"Managed Service for Apache Spark" is the new name for the product formerly known as "Dataproc on Compute Engine" (cluster deployment) and "Google Cloud Serverless for Apache Spark" (serverless deployment).

Google uses AI technology to translate content into your preferred language. AI translations can contain errors.

使用 Spark BigQuery 连接器

您可以将 spark-bigquery-connector 与 Managed Service for Apache Spark 搭配使用，以从 BigQuery 中读取数据以及将数据写入其中。本教程演示了使用 spark-bigquery-connector 的 PySpark 应用。

确认连接器版本

请参阅 Managed Service for Apache Spark 运行时版本，确定在批量工作负载或互动式会话运行时版本中安装的 BigQuery 连接器版本。如果未列出连接器，请参阅将连接器提供给应用。

根据需要将连接器提供给应用

BigQuery 连接器已安装在所有受支持的 Managed Service for Apache Spark 运行时版本中。

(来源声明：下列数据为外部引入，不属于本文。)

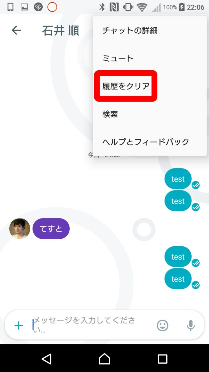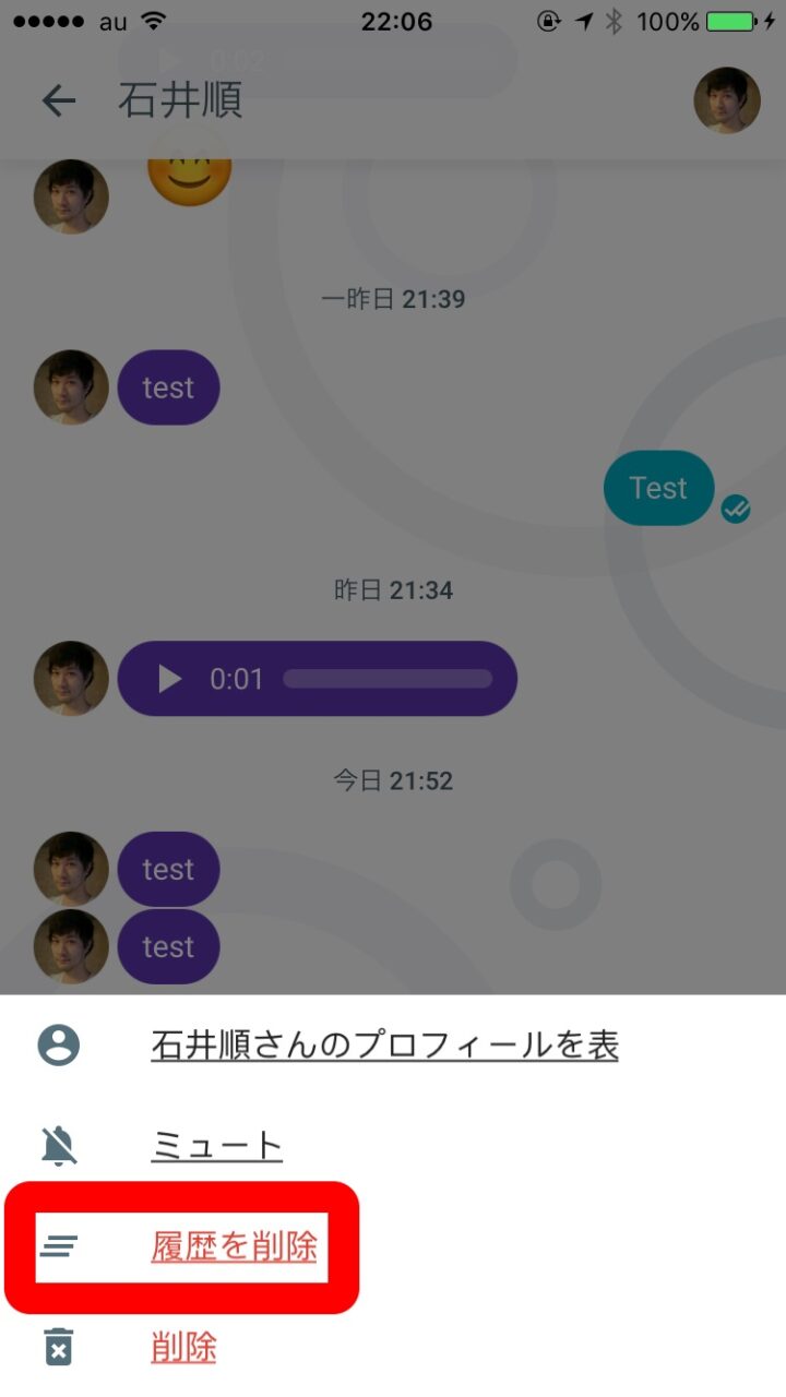 まず履歴を消去するチャットを開き、右上のユーザーアイコンをタッチします。表示される項目から、Android の場合は “履歴をクリア”、iPhone の場合は “履歴を削除” をタッチします。

如果您使用的是不受支持的运行时版本，该版本未安装连接器 (Spark runtime 1.0)，则可以通过以下任一方式将连接器提供给应用：

提交 Managed Service for Apache Spark 批量工作负载或运行交互式会话时，可以使用 jars 参数指向连接器 JAR 文件。以下批处理工作负载示例指定了一个连接器 JAR 文件（如需查看可用连接器 JAR 文件的列表，请参阅 GitHub 上的 GoogleCloudDataproc/spark-bigquery-connector 代码库）。
- Google Cloud CLI 示例：
```
gcloud dataproc batches submit pyspark \
    --region=REGION \
    --jars=spark-3.5-bigquery-version.jar \
    ... other args
```

计算费用

本教程使用 Google Cloud的可计费组件，包括：

Managed Service for Apache Spark
BigQuery
Cloud Storage

请使用价格计算器根据您的预计使用情况来估算费用。

Cloud Platform 新用户可能有资格申请免费试用。

配置结算功能

默认情况下，与凭证或服务账号关联的项目将为 API 使用支付费用。如需对其他项目计费，请设置以下配置属性：spark.conf.set("parentProject", "<BILLED-GCP-PROJECT>")。

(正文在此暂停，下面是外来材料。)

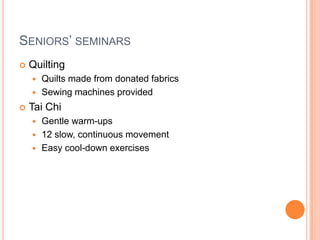 The South haven park district is offering new spring seminars for seniors, teens, and adults. For seniors, quilting seminars provide donated fabrics and sewing machines, while tai chi classes involve gentle warmups, 12 slow movements, and cool downs. Teens can take sailing to sail 30-foot boats in their first class or one of three levels of fencing. Adults can learn cooking techniques from a chef and enjoy dinners together in Almost Gourmet, or learn kickball techniques and rules.
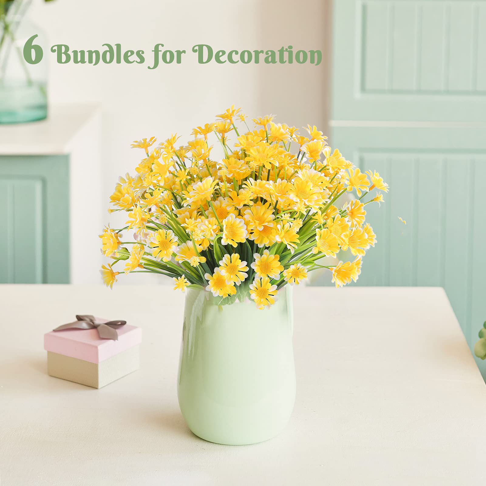 True to Life: Come with 6 vivid purple artificial flowers presents a wild profusion of vegetation to create a warm atmosphere and surprise fresh for your space@Premium quality: Made of non-toxic plastic materials, each one has 7 pliable stems and dense leaves, its total size is about 15 inches high, 7inches wide. Artificial flowers are a practical alternative to real flowers, which will keep their fresh and beautiful year after year@Good for Any Scenes: These realistic flowers add gorgeous atmosphere to your front porch, aisle, interior and garden, nice for for daily decoration, birthdays, festivals, weddings, hotels, memorial sites, DIY projects that full of vitality helps to increase realism@Effortless Caring: Wherever you choose to display, it looks real without need of sunlight, watering, pruning and curing. These fake flowers blooming and keeping their original beauty throughout the year that not fade or damage easily@UV Resistant: Fake daisies flowers Shrubs are resistant to ultraviolet rays and never fade. Putting them in outdoor, front porch, garden, balcony, balcony,or other place that kill real flowers easily
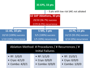 Thirty-three patients with SAP underwent 35 EP studies: AS (n = 13), MS (n = 5), and PS (n = 15). Thirty pathways were targeted for ablation, two of which required a 2nd procedure resulting in 32 attempts at ablation in 30 patients. In the remaining 3 patients, SAP did not have malignant features and were not targeted for ablation. Single-procedure success rate was 28/30 (93.33%): 9/10 AS, 5/5 MS, and 14/15 PS ablations. One AS pathway was successfully ablated during a 2nd procedure. Two complications were observed: 1 pericardial effusion in a patient who underwent epicardial mapping and ablation of both PS and right free wall APs. Additionally, transient 2:1 AV block occurred during an MS pathway ablation that recovered during follow-up and did not require permanent pacing procedure.
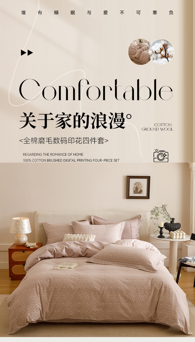 当前位置: 91家纺网 > 商品网购 > 床品套件 > 四件套 > 全棉普通四件套 > 爱思佳 2025新款加厚全棉纯棉磨毛数码印花四件套 情意绵绵

您还可以将此属性添加到读取或写入操作，如下所示：.option("parentProject", "<BILLED-GCP-PROJECT>")。

提交 PySpark 字数统计批处理工作负载

此示例展示如何将 BigQuery 中的数据读取到 Spark DataFrame 中，以使用标准数据源 API执行字数统计操作。

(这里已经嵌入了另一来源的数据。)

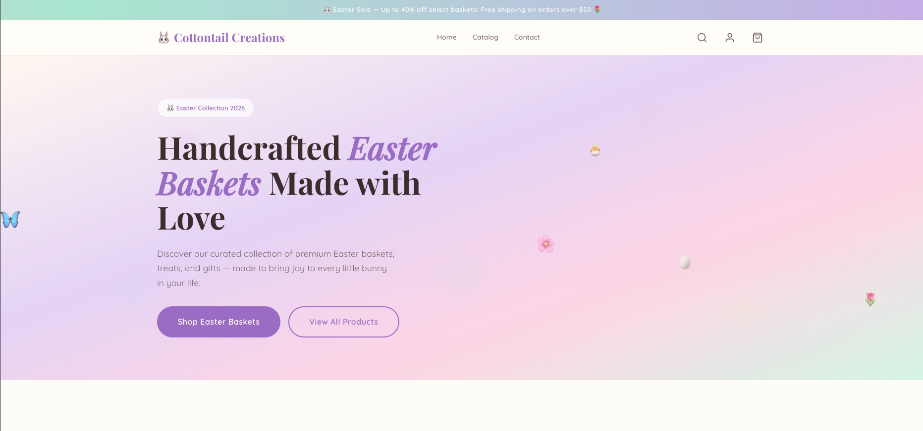 Easter & spring-themed Shopify theme with pastel colors, animations, and conversion-focused design.

连接器通过以下操作序列将字数统计输出写入 BigQuery：

将数据缓冲到 Cloud Storage 存储桶中的临时文件
将一项操作中的数据从 Cloud Storage 存储桶复制到 BigQuery 中
系统在 BigQuery 加载操作完成后删除 Cloud Storage 中的临时文件（临时文件在 Spark 应用终止后也会被删除）。如果删除失败，您需要删除所有不需要的临时 Cloud Storage 文件，这些文件通常放在 gs://BUCKET_NAME/.spark-bigquery-JOB_ID-UUID 中。

运行字数统计工作负载的步骤

打开本地终端或 Cloud Shell。
在本地终端或 Cloud Shell 中使用 bq 命令行工具创建 wordcount_dataset。
```
bq mk wordcount_dataset
```
使用 Google Cloud CLI 创建 Cloud Storage 存储桶。
```
gcloud storage buckets create gs://BUCKET_NAME
```
将 BUCKET_NAME 替换为您创建的 Cloud Storage 存储桶的名称。

通过复制以下 PySpark 代码，在文本编辑器中本地创建文件 wordcount.py。

#!/usr/bin/python
"""BigQuery I/O PySpark example."""
from pyspark.sql import SparkSession

spark = SparkSession \
  .builder \
  .appName('spark-bigquery-demo') \
  .getOrCreate()

# Cloud Storage bucket used by the connector for temporary BigQuery
# export data.
bucket = "BUCKET_NAME"
spark.conf.set('temporaryGcsBucket', bucket)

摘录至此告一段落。